Experimental Data [0063] Various experiments have been run to confirm the results shown in Table I. In one test, HIV V3 loop sequences with tropism were downloaded from LANL database.

Sequences with tropism other than CCR5 or CXCR4 or dual were removed. The sequences are then aligned to the reference sequence

"CTRPNNNTRKSIHIGPGRAFYTTGEIIGDIRQAHC" and those not starting or ending with amino acid C were also removed. 1314 sequences with CCR5 tropism and 486 sequences with either CXCR4 or dual tropism were available for analysis.

[0064] For the data set, identical sequences with different tropism were removed to ensure data quality, and non-unique sequences were removed. Finally, 606 unique CCR5 tropic sequences from 375 patients and 213 unique CXCR4 or dual tropic sequences from 90 patients were included in the analysis.

[0065] In the experiment, in-house data (CCR5, CXCR4 or dual tropic) and sequences purchased from Monogram (CXCR4 or dual tropic) are included in the analysis. 1422 CCR5 -tropic sequences and 617 CXCR4 or dual tropic sequences were compiled. After conflicting or redundant sequences were removed, 621 unique sequences with CCR5 tropism from 381 patients and 262 unique sequences with CXCR4 or dual tropism from 113 patients were used for analysis. The quality of the extra data is believed to be higher than that of the sequences from LANL database.

[0066] In each cross validation, 100 sequences with CCR5 tropism and -25 patients with CXCR4 or dual tropism were selected as testing samples, all from different patients.

Sequences from other patients were used as training samples. The performance of the new algorithm on the LANL dataset and the expanded dataset is shown in Table I.

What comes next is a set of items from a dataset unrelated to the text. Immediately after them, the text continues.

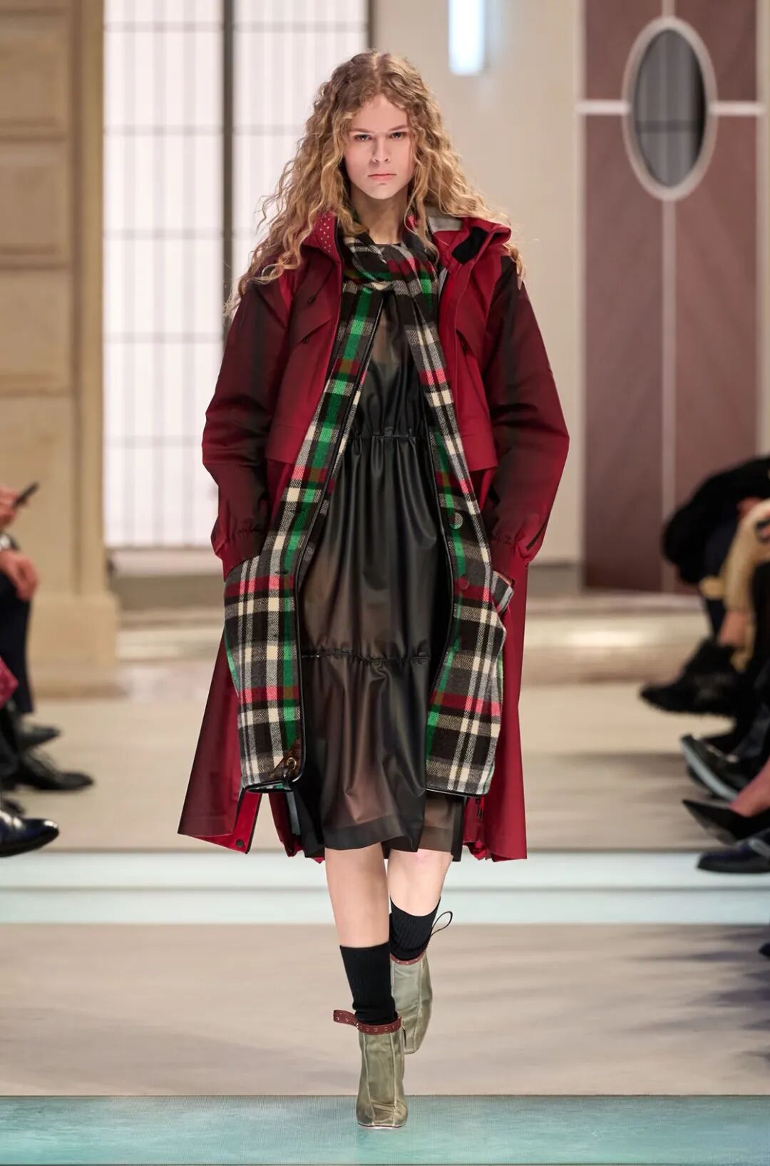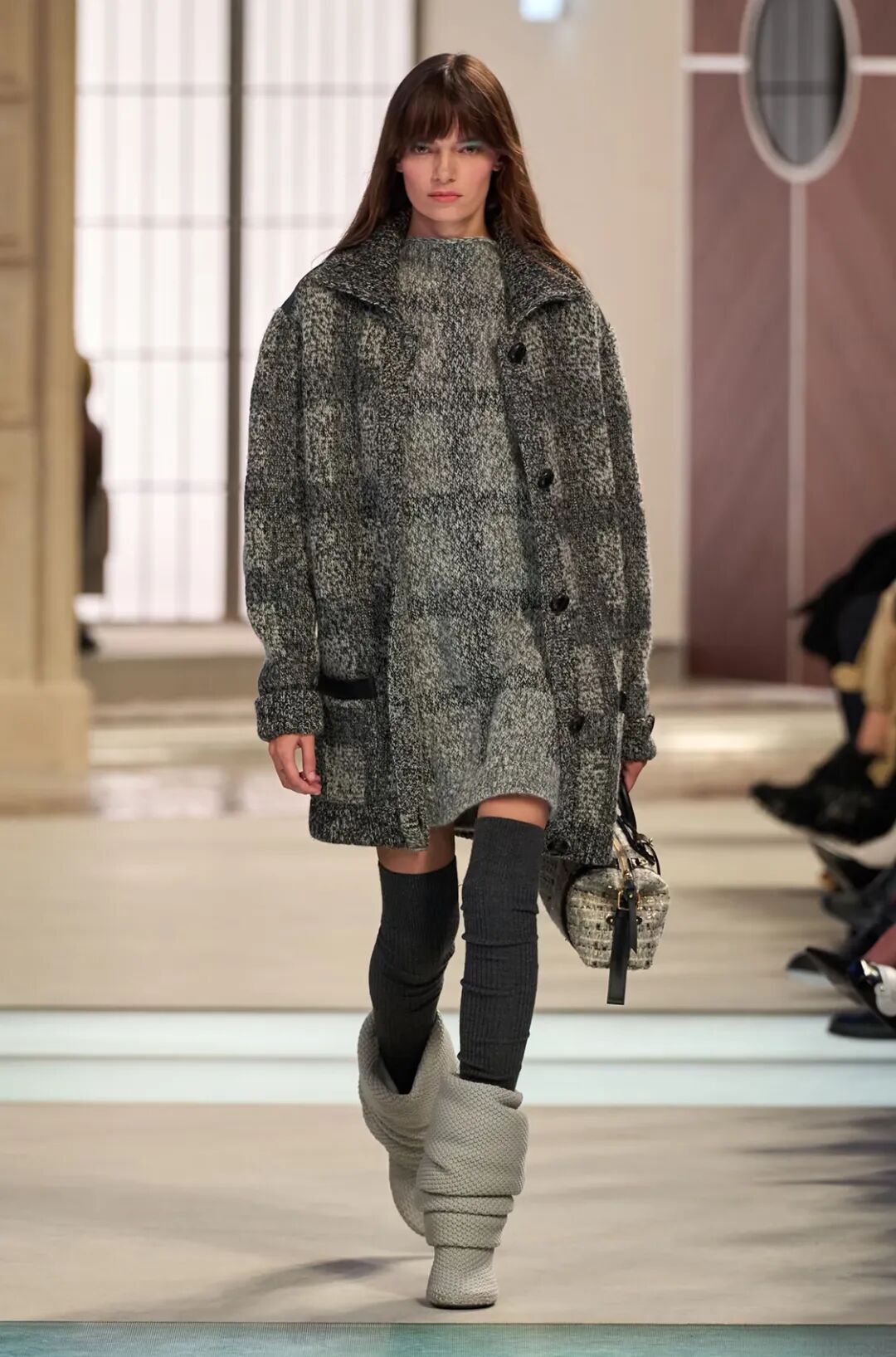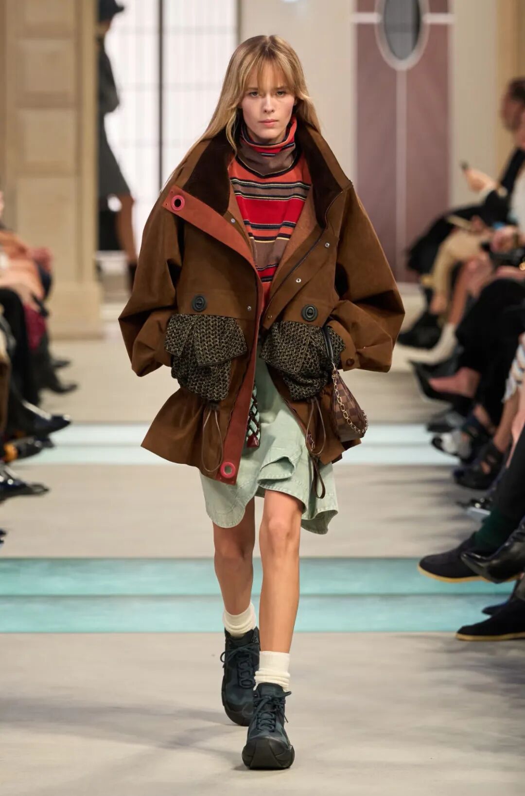 本季 Louis Vuitton 以 “优雅与随性的碰撞” 为核,让大衣成了多元风格的载体:驼色羊毛大衣外搭印花裙装,厚重面料与轻盈裙褶对冲出复古甜酷;酒红冲锋衣式大衣拼接格纹衬里,户外功能性与英式格纹交织出叛逆优雅;麂皮外套嵌粗花呢口袋,复古材质撞街头靴履,让工装感与贵气感自然共生。这季的大衣是 LV 式 “混搭美学” 的延伸,消解风格边界的同时,让每一件大衣都成了能适配都市、户外等多元场景的 “流动衣橱单品”。
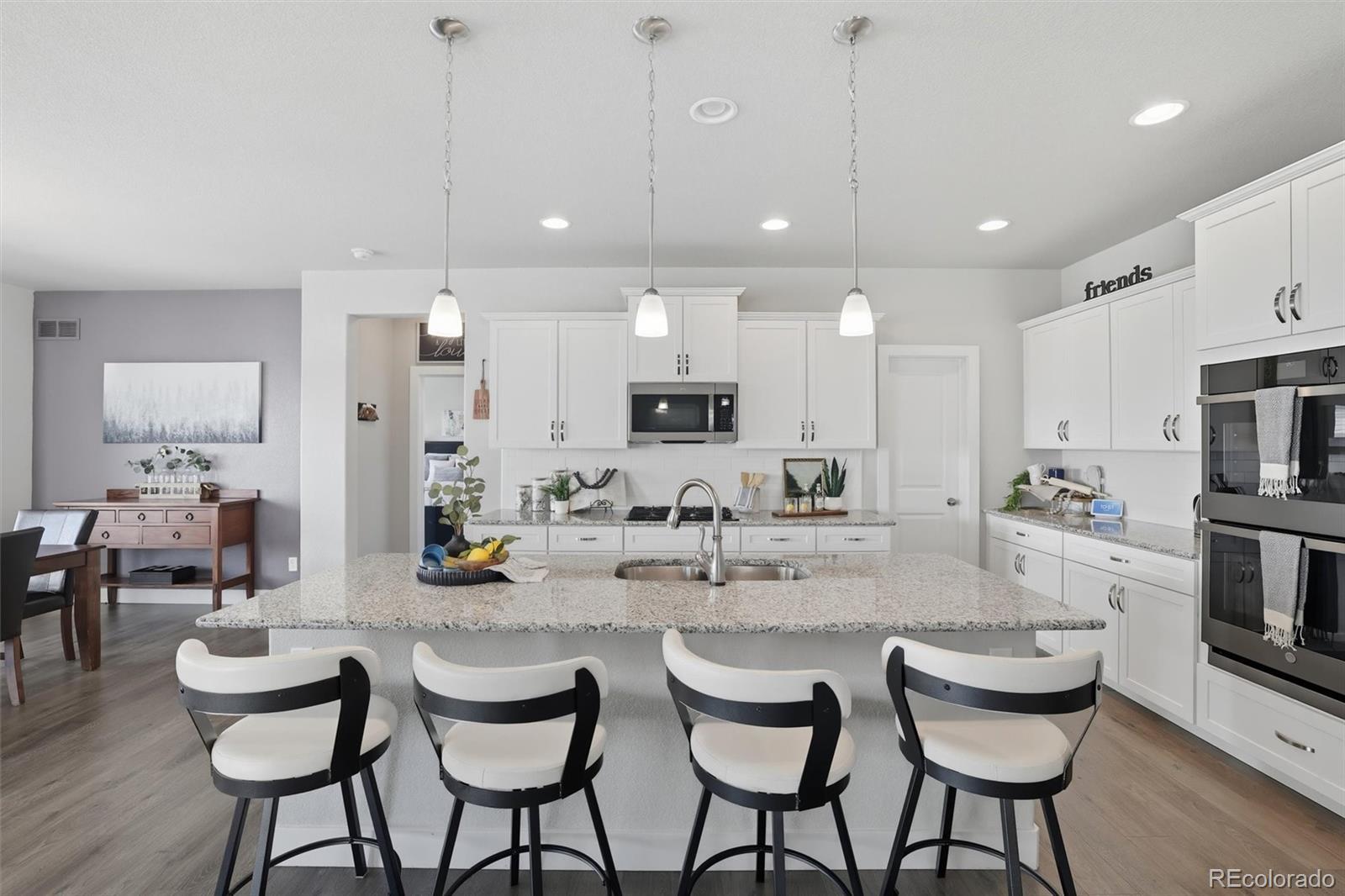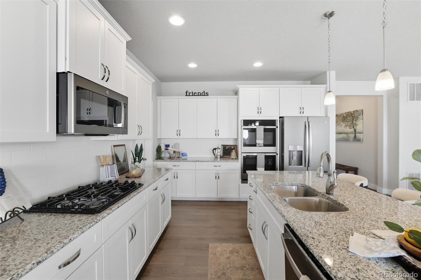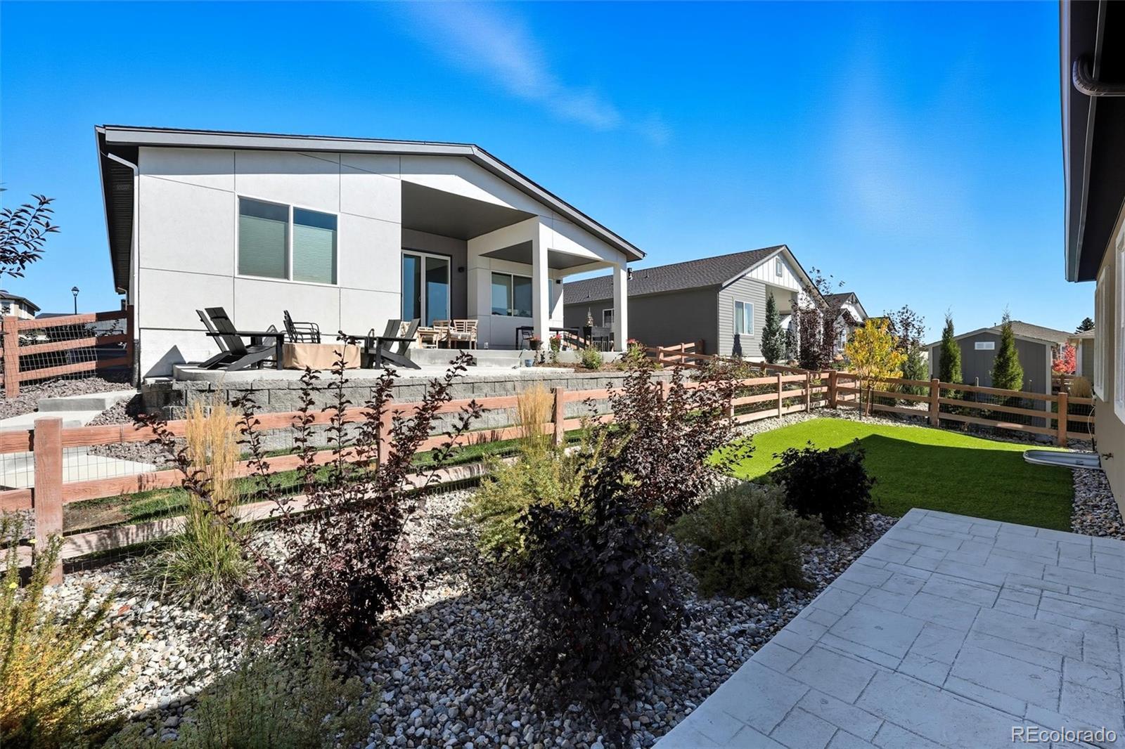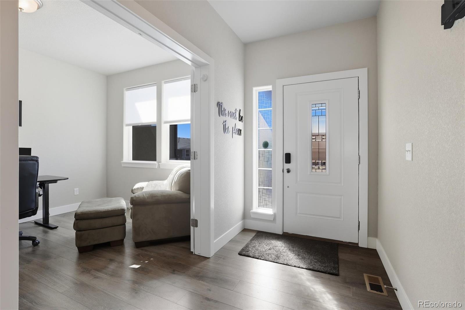 This immaculate, sun-drenched newer Wolf Ranch home pairs fresh style with a smart layout that makes daily life flow effortlessly. From the covered entry, step inside to find warm wood laminate floors and a sunlit office tucked to the right. The heart of the home opens into a spacious great room, where a stone gas fireplace anchors the space and walls of windows fill it with light. The dining area extends naturally outdoors with a walkout to the backyard patio. The kitchen is designed to gather around, with granite counters, a large eat-at island, stainless steel appliances including a gas cooktop and in-wall double oven, and a generous walk-in pantry with added shelving. A well-planned laundry room makes chores feel simple, complete with extra storage and a permanent acacia folding table. On the main level, the primary suite is a restful retreat featuring a walk-in closet and a four-piece bath with a double granite vanity and a walk-in shower. Two additional bedrooms, a full bath, and a powder room complete the layout. Downstairs, the finished basement stretches out with an enormous family and rec room, a dining nook, full bath, and two more bedrooms—one with its own nook, den, or walk-in closet—giving everyone space to spread out. Out back, the partially covered patio looks over the xeriscaped yard, designed for low maintenance and easy evenings outside. A three-car tandem garage provides ample space for vehicles, hobbies, or storage. Thoughtful details like central A/C and a whole-house humidifier keep the home comfortable year-round, while mountain views from the front are a daily reminder of Colorado living at its best. Finally, Wolf Ranch ties it all together with winding trails, a vibrant community center, and quick access to schools, shopping, hospitals, and entertainment—placing comfort and connection right at your doorstep.
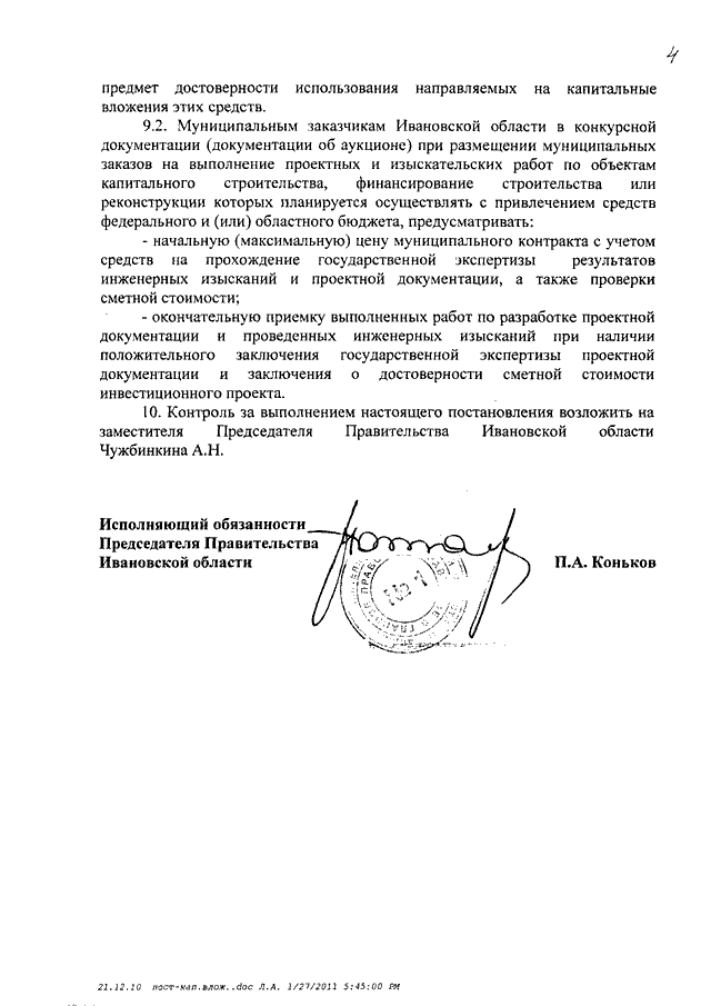 Постановление Правительства Ивановской области от 27.01.2011 N 9-п "О Порядке проверки сметной стоимости инвестиционных проектов, финансирование которых планируется осуществлять полностью или частично за счет средств областного бюджета, на предмет достоверности использования направляемых на капитальные вложения этих средств и о внесении изменений в некоторые постановления Правительства Ивановской области"
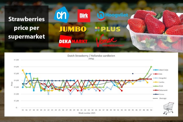 No hay envases de 400 gramos de fresas en el surtido online de Jumbo esta semana, por lo que solo 3 de las 6 cadenas de retail cuyos datos recopilamos disponen de fresas online: Albert Heijn, PLUS y DekaMarkt. El precio en DekaMarkt se mantiene sin cambios, por lo que el producto está bastante más barato (4,19 euros) que en las otras dos cadenas, que han subido sus precios un euro, hasta alcanzar los 5,99 euros.
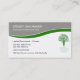 Assisted living business cards with modern design that includes green and grey design element, white background colour you can change, and tree shape that represents growth and caring. Change the text layout or style to make this work for your business. Designed for any assisted living, senior care, or nursing home.
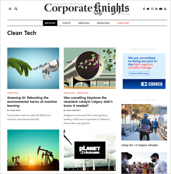 캐나다의 언론사인 Corporate Knights는 지속가능경영, CSR, ESG 투자를 전문적으로 다루는 매체이다. 매년 지속가능한 기업의 랭킹을 매기기도 하는 이 언론사는 환경경영, 크린테크, 환경위기, 지속가능한 투자, 교육 불평등 해소, 신재생 에너지, 지속가능한 식생활, 폐기물 재활용, 지속가능한 소비 등 지속가능한 시장형성과 기업경영을 위한 다양한 영역의 전문기사와 함께 통계자료도 내놓고 있다.
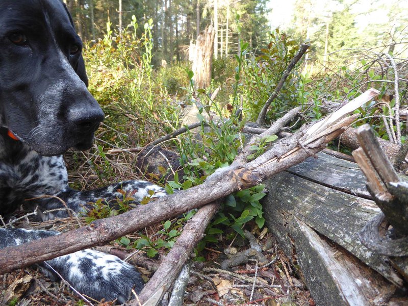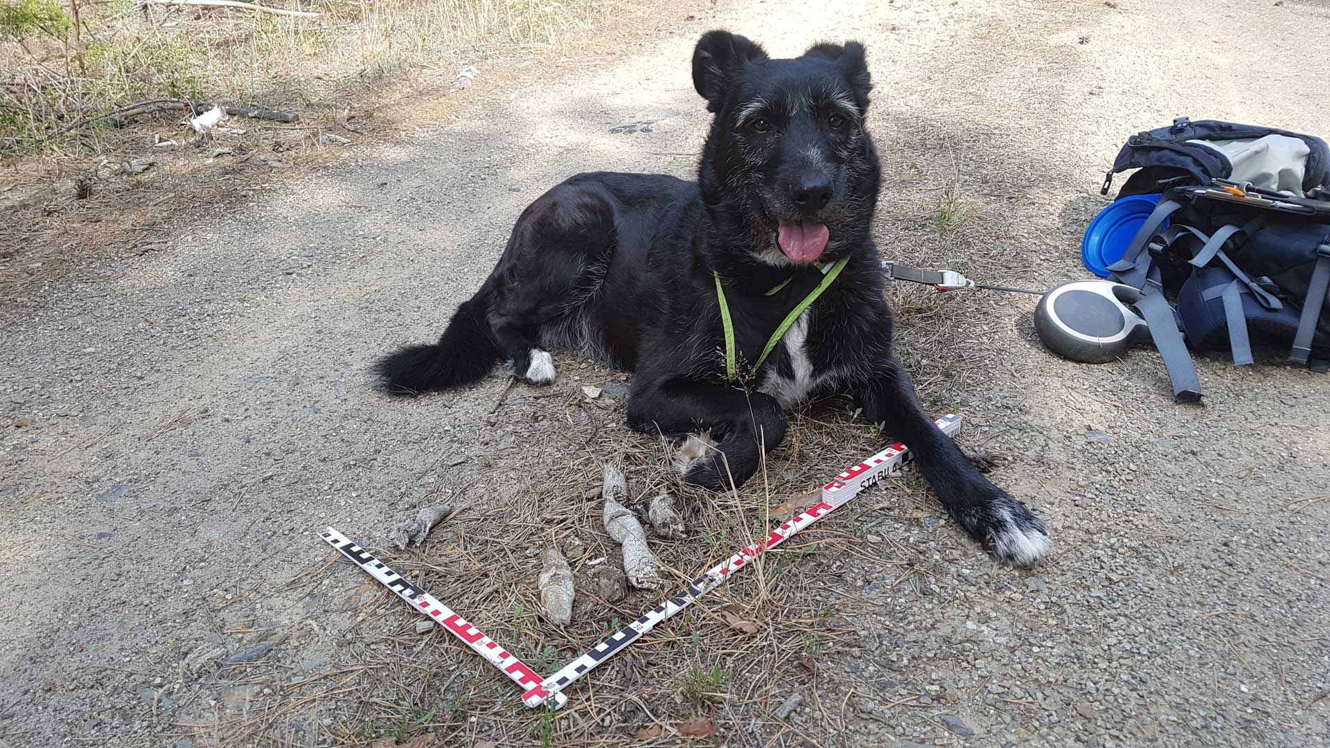 Abb. 2: Die Wolfspürhündin der FVA beim erfolgreichen Aufspüren von Wolflosung.

B. TECHNIQUES FOR CLASSIFYING A DATA POINT BASED ON A MULTITUDE OF CLASSIFIERS [0067] Another aspect of the invention relates to classifying a data point based on forming a multitude of classifiers. The method includes subdividing a data set into a set of data subsets, forming a plurality of training sets each created by sampling one data point from each data set, training a plurality of classifiers based on the plurality of training sets, and taking a vote of the decisions made by the plurality of classifiers. [0068] In a specific embodiment for training a classifier for a patient infected for HIV virus, a set of training data is obtained from several patients. Instead of building one classifier for the entire data set, many classifiers can be built. Data from each patient can be defined as forming an individual data subset. Multiple training sets can then be derived from each individual data subset by randomly obtaining one data point from each data subset (i.e. patients). According to the embodiment, information from other sequences of a data subset from the same patient can thus be ignored. Next, each classifier can be trained based on each one of the training sets. A final prediction result can then be derived based on a vote of the pool of classifiers.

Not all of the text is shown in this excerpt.